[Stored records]
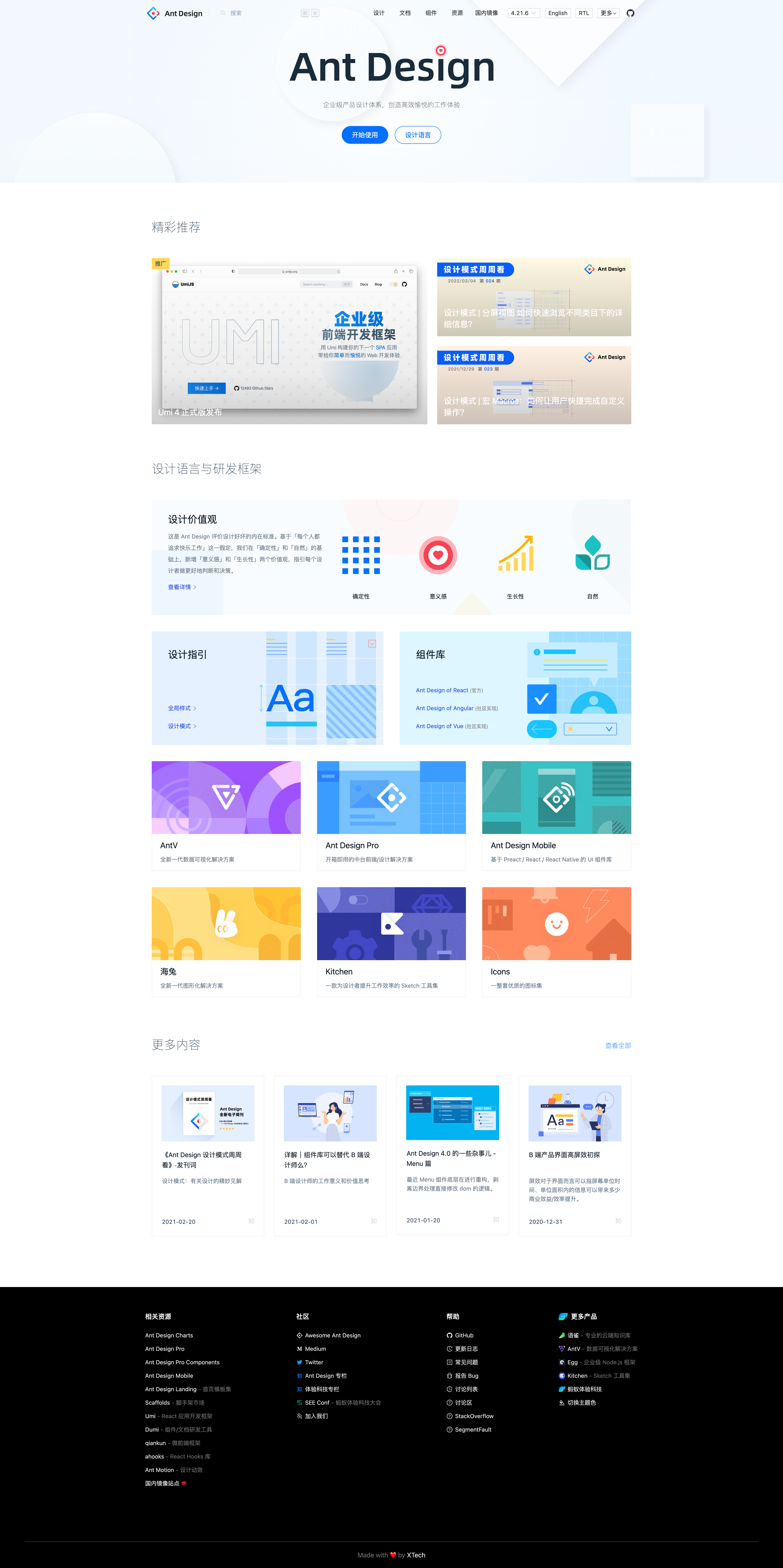 Ant Desigin有很庞大的体系,通过之前的阅读源码我们触及到了其体系下的多个npm包——“@ant-design/tools”、rc-\*组件,还有官网footer下的一些相关资源推荐。
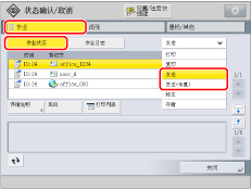 [重新发送]: | 重新发送作业。如果选择的作业具有多个接收方,按[多路发送列表]→选择要向其重新发送作业的接收方→按[重新发送]。 |
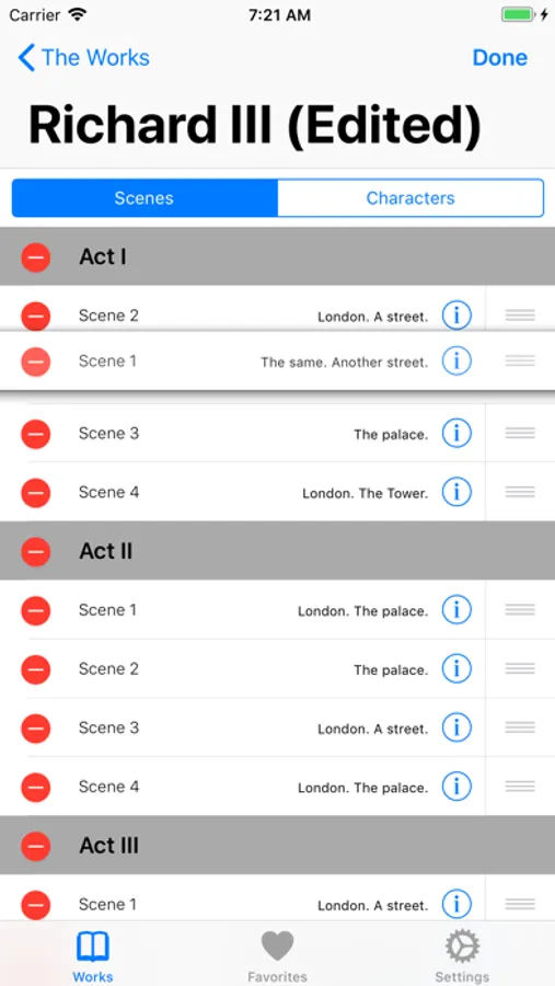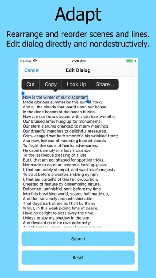 Chances are that your Shakespeare performance is an abridged version of the original. If you’re directing, the app makes it easy to create your own adaptation. With a swipe, delete or reorder entire acts or lines of dialog. Fine tune your edits by directly editing the dialog text.
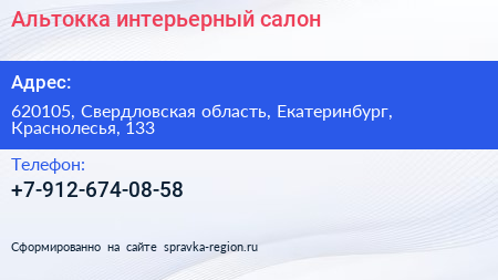 Альтокка, интерьерный салон по адресу 620105, Свердловская область, Екатеринбург, Краснолесья, 133 в дальнейшем Организация, размещена в следующих категориях:
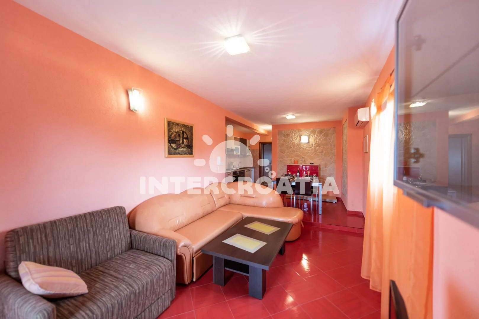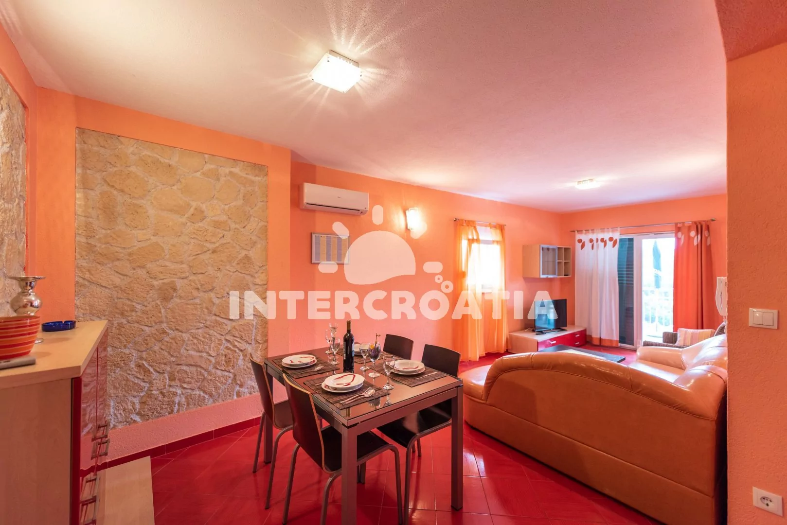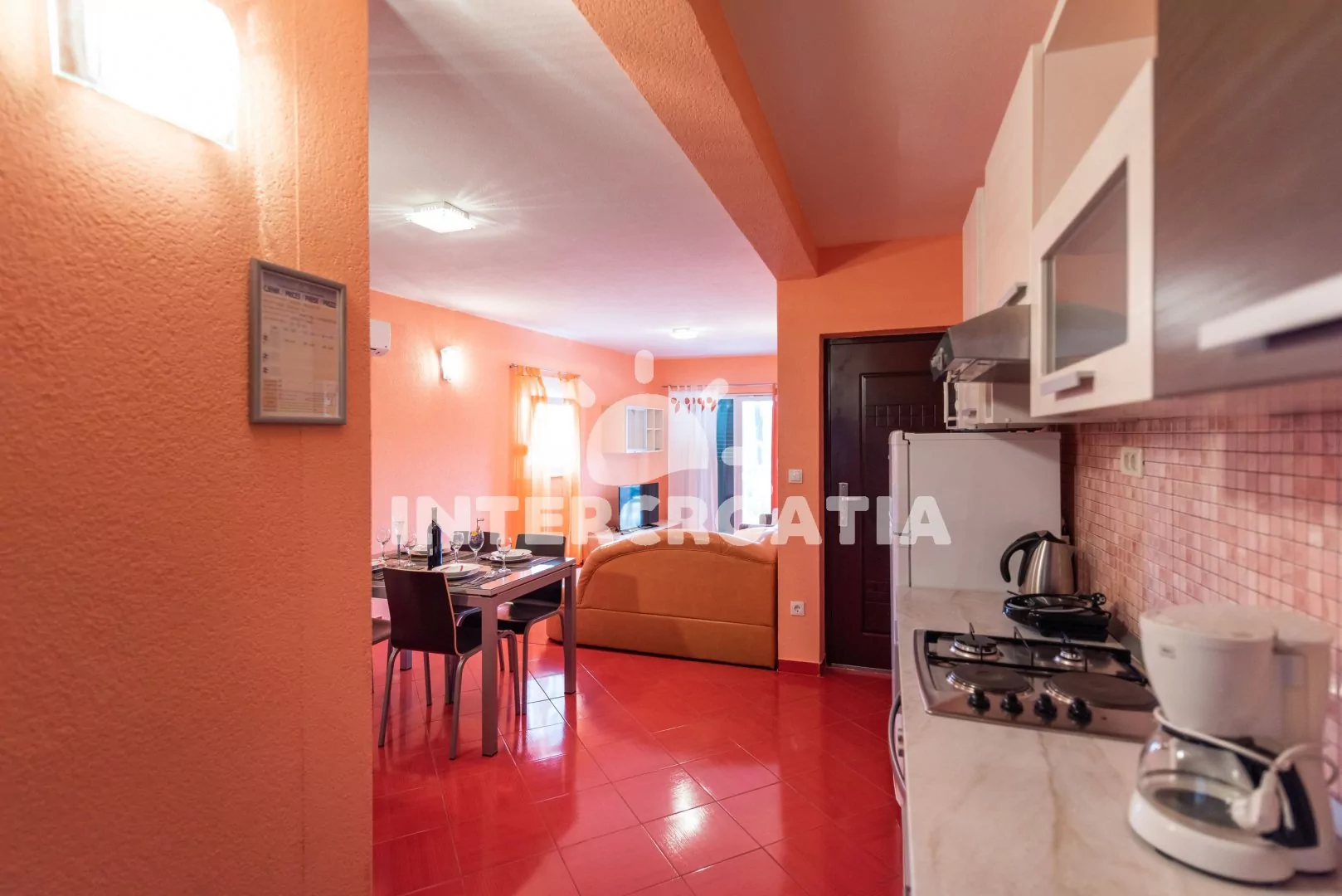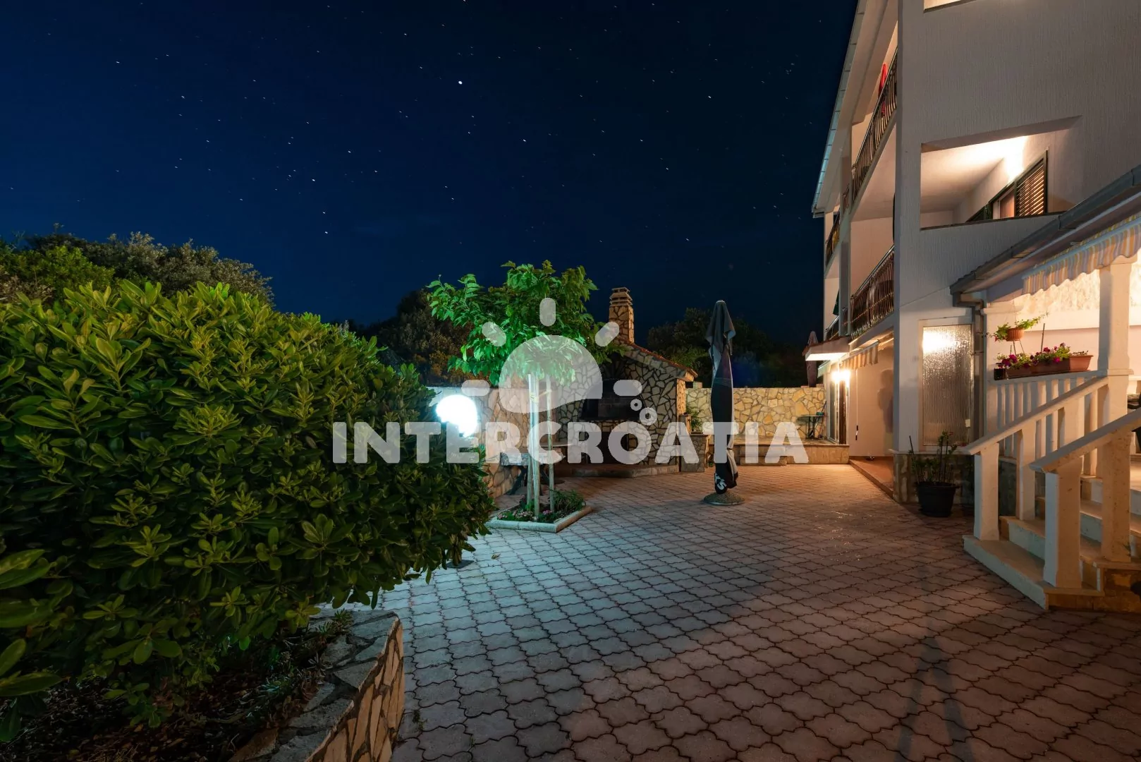 Moderně vybavený apartmán s balkonem a posezením se nachází v prvním patře vily a je vhodný pro 2 až 4 osoby. Obývací pokoj je spojený s kuchyní. Kuchyňská linka je vybavena varnou deskou, digestoří, troubou, myčkou na nádobí, mikrovlnnou troubou, rychlovarnou konvicí, nádobím a lednicí s mrazákem. Obývací pokoj s jídelním stolem pro 4 osoby, sedací soupravou, pohovkou (rozložitelná na extra lůžko pro 2 osoby), televizí se satelitním programem, DVD přehrávačem, radiem, klimatizací a vstupem na balkon. Ložnice je vybavena jedním dvoulůžkem. Koupelna se sprchovým koutem, umyvadlem, fénem, pračkou a wc. Hostům je k dispozici parkování u objektu zdarma.
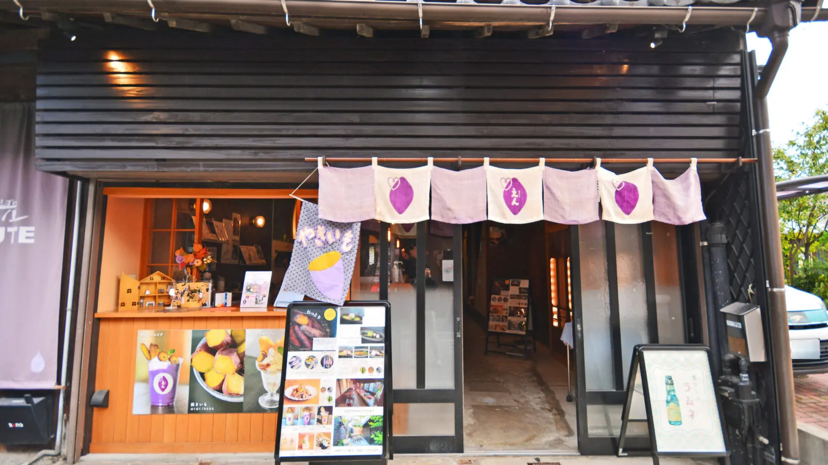 2021年にオープンしたおいもスイーツ専門店「芋カフェえん」。茨城県産のブランド「紅春香」を使った多種多様なスイーツが楽しめます。店内で焼く「焼きいも」からシェイク・ブリュレ・モンブランなど幅が広くどれも美味しそう。
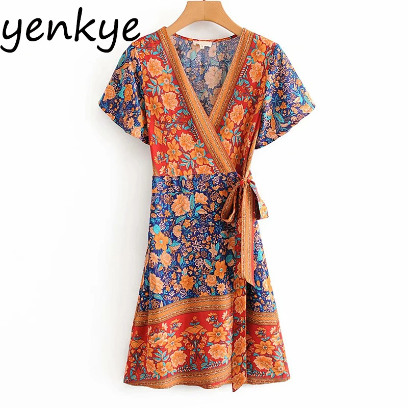 Женское винтажное платье в стиле бохо с цветочным принтом, повседневное пляжное летнее платье трапециевидной формы с v-образным вырезом и коротким рукавом DJF9081
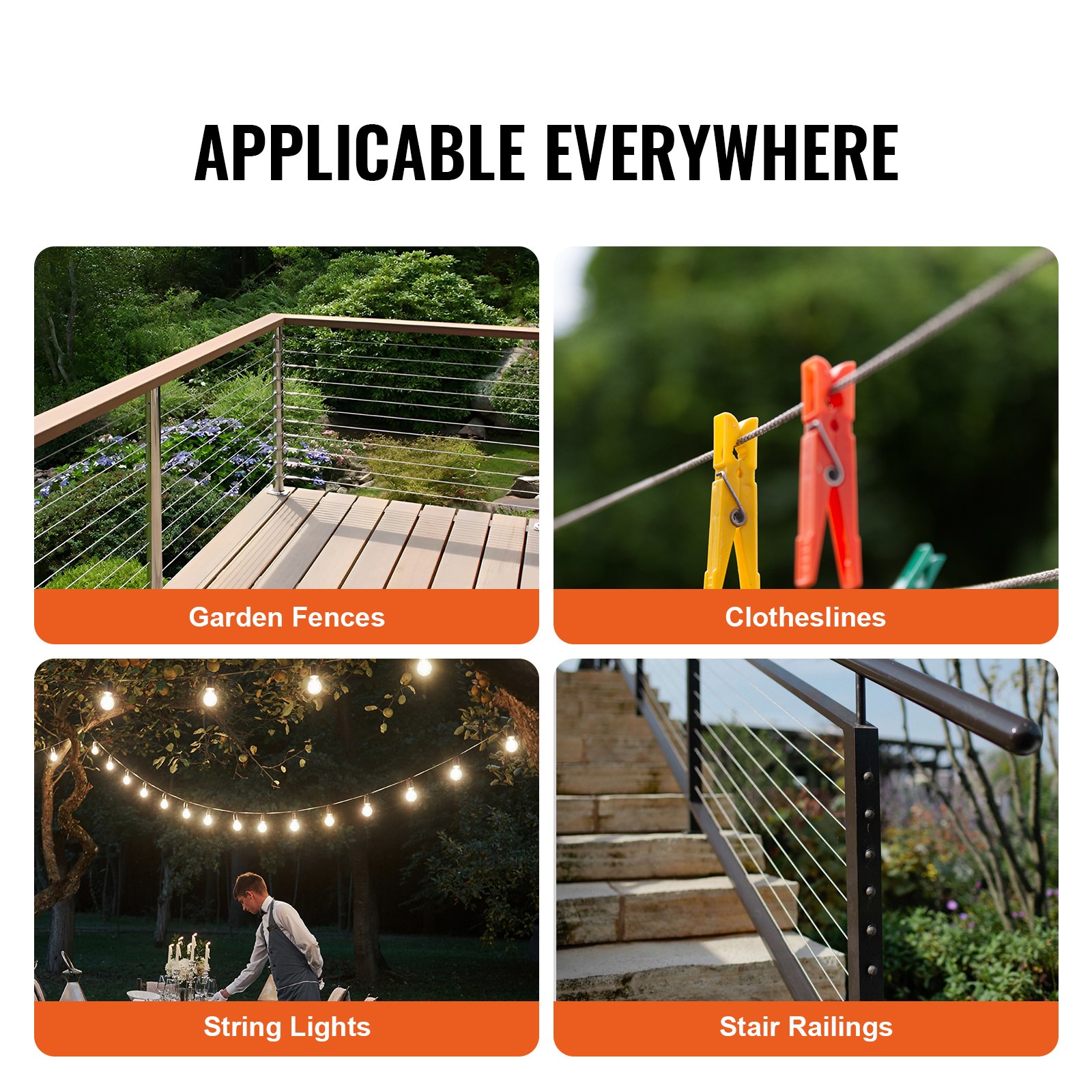 VEVOR komplet žičane užadi, 1,59 mm x 20,2 m, sajla od nehrđajućeg čelika 304 s alatom za krimpovanje, 160 čahura i 12 uški, 7×7 žica, građevinska/pomorska/zrakoplovna kvaliteta za rukohvate, stepenice, terase i vanjske ograde

:: Problem details ::
Stop after the line containing "Moderně vybavený apartmán": copy the records exactly from the first line up to there, leaving pictures out.

:: Reply to the task ::
 Ant Desigin有很庞大的体系,通过之前的阅读源码我们触及到了其体系下的多个npm包——“@ant-design/tools”、rc-\*组件,还有官网footer下的一些相关资源推荐。
 [重新发送]: | 重新发送作业。如果选择的作业具有多个接收方,按[多路发送列表]→选择要向其重新发送作业的接收方→按[重新发送]。 |
 Chances are that your Shakespeare performance is an abridged version of the original. If you’re directing, the app makes it easy to create your own adaptation. With a swipe, delete or reorder entire acts or lines of dialog. Fine tune your edits by directly editing the dialog text.
 Альтокка, интерьерный салон по адресу 620105, Свердловская область, Екатеринбург, Краснолесья, 133 в дальнейшем Организация, размещена в следующих категориях:
 Moderně vybavený apartmán s balkonem a posezením se nachází v prvním patře vily a je vhodný pro 2 až 4 osoby. Obývací pokoj je spojený s kuchyní. Kuchyňská linka je vybavena varnou deskou, digestoří, troubou, myčkou na nádobí, mikrovlnnou troubou, rychlovarnou konvicí, nádobím a lednicí s mrazákem. Obývací pokoj s jídelním stolem pro 4 osoby, sedací soupravou, pohovkou (rozložitelná na extra lůžko pro 2 osoby), televizí se satelitním programem, DVD přehrávačem, radiem, klimatizací a vstupem na balkon. Ložnice je vybavena jedním dvoulůžkem. Koupelna se sprchovým koutem, umyvadlem, fénem, pračkou a wc. Hostům je k dispozici parkování u objektu zdarma.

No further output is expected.